Fundamental blessings and the gay man

"In the great journal of things happening under the sun, we, the American people, find our account running under date of the nineteenth century of the Christian era. We find ourselves in the peaceful possession of the fairest portion of the earth as regards extent of territory, fertility of soil, and salubrity of climate."

"We find ourselves under the government of a system of political institutions conducing more essentially to the ends of civil and religious liberty than any of which the history of former times tells us."

"We, when mounting the stage of existence, found ourselves the legal inheritors of these fundamental blessings. We toiled not in the acquirement or establishment of them; they are a legacy bequeathed us by a once hardy, brave, and patriotic, but now lamented and departed, race of ancestors."
"Theirs was the task (and nobly they performed it) to possess themselves, and through themselves us, of this goodly land, and to uprear upon its hills and its valleys a political edifice of liberty and equal rights; 'tis ours only to transmit these — the former unprofaned by the foot of an invader, the latter undecayed by the lapse of time and untorn by usurpation — to the latest generation that fate shall permit the world to know."
"This task of gratitude to our fathers, justice to ourselves, duty to posterity, and love for our species in general, all imperatively require us faithfully to perform."

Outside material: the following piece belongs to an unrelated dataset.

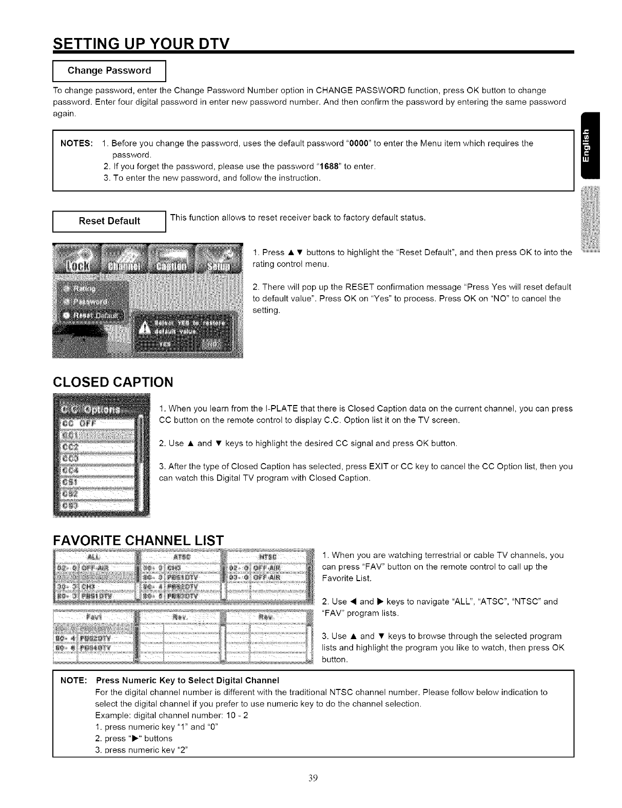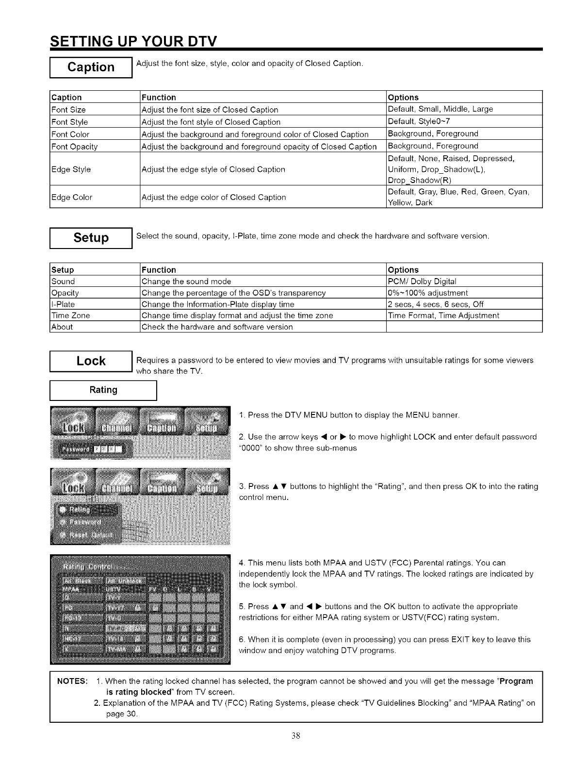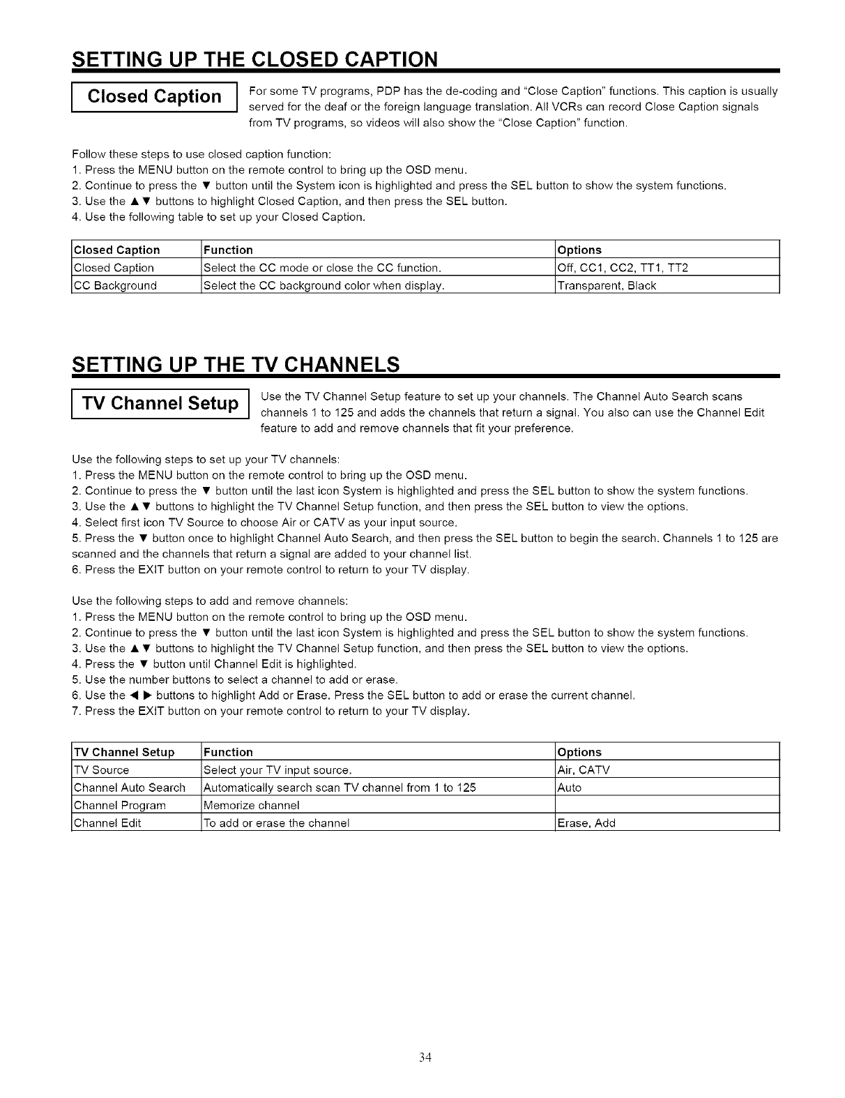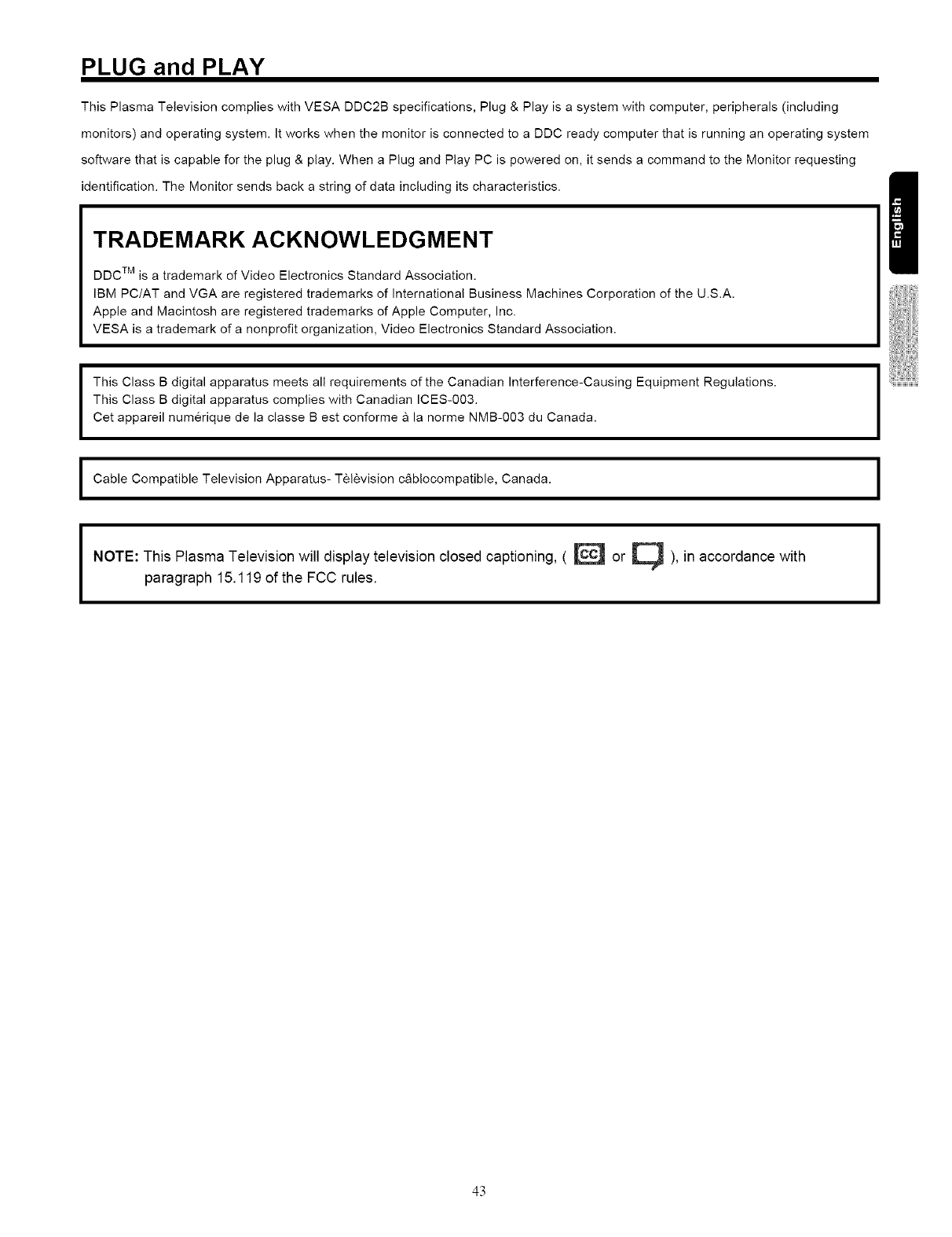 NOTE: This Plasma Television will display television closed captioning, ( _ or _ ), in accordance with

"...I hope I am over wary; but if I am not, there is even now something of ill omen amongst us. I mean the increasing disregard for law which pervades the country — the growing disposition to substitute the wild and furious passions in lieu of the sober judgment of courts, and the worse than savage mobs for the executive ministers of justice. This disposition is awfully fearful in any community; and that it now exists in ours, though grating to our feelings to admit, it would be a violation of truth and an insult to our intelligence to deny."

Abraham Lincoln
Speech given at the Young Men's Lyceum of Springfield, Illinois
January 27, 1838

Thursday, January 2, 2014

Utah politicians fight same-sex marriage

A federal judge in Utah has ordered the state to permit same-sex marriages.  This decision seems to be transforming the local gay-rights stage into a grand showing on a national civil rights stage -- and frankly, I am happy to have the battle happen in my adopted home state.

Is marriage a civil right, Mormons ask?

Utah officials, including Governor Gary Herbert, asked US Supreme Court Justice Sonia Sotomayor to put a temporarily stay on the federal judge’s decision made on December 20th of 2013 -- a ruling that requires the state of Utah to permit same-sex marriages as per constitutional law despite a state constitutional amendment outlawing same sex marriage.
Justice Sotomayor responded by saying no, and requesting more information from legal representatives of several gay couples who have been challenging the initial Utah state ban. Those briefs are due in court on Friday, Jan 3rd.

Meanwhile -- back at the farm --  more than 900 same-sex couples have taken advantage of the judge’s ruling and have obtain marriage licenses in Utah.

The Christian Science Monitor states: "The immediate question is whether the judge’s same-sex marriage order should be stayed pending further appeals, the underlying issues will require Sotomayor – and perhaps the entire high court – to address the single most significant question in the legal debate over gay marriage. The question is whether same-sex couples have a fundamental right to marry under the US Constitution."

Once again, the national question is not whether the public agrees with homosexuals or homosexuality, or even the right to be homosexual.  What is being decided is whether marriage is a civil right as defined by the constitution.